[DATA]

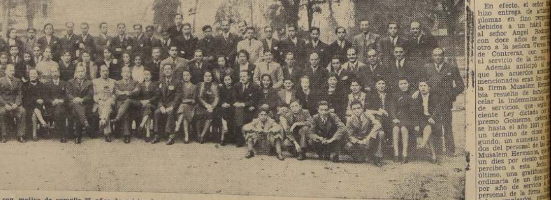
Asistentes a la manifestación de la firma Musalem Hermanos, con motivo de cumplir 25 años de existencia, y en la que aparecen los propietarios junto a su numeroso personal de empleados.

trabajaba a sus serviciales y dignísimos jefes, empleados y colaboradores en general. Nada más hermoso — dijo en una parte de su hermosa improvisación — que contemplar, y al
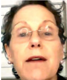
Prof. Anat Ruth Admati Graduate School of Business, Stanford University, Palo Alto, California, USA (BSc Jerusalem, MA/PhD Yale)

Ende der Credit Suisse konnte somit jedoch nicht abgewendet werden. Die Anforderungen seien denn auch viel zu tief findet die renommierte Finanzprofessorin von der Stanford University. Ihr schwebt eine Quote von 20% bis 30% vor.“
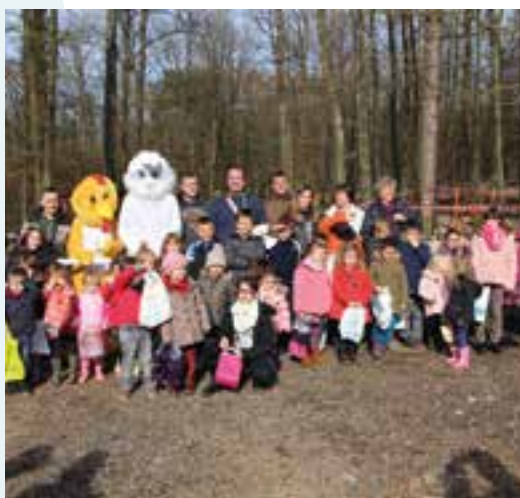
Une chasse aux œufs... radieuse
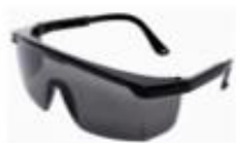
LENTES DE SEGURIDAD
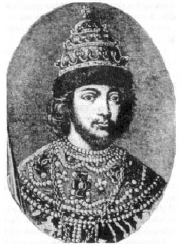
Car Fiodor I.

[/DATA]

PROBLEM STATEMENT - With pictures excluded, reproduce exactly the lines above from the one containing "trabajaba a sus" down to the one containing "Prof. Anat Ruth", those two included.

EXERCISE RESPONSE -
trabajaba a sus serviciales y dignísimos jefes, empleados y colaboradores en general. Nada más hermoso — dijo en una parte de su hermosa improvisación — que contemplar, y al
Prof. Anat Ruth Admati Graduate School of Business, Stanford University, Palo Alto, California, USA (BSc Jerusalem, MA/PhD Yale)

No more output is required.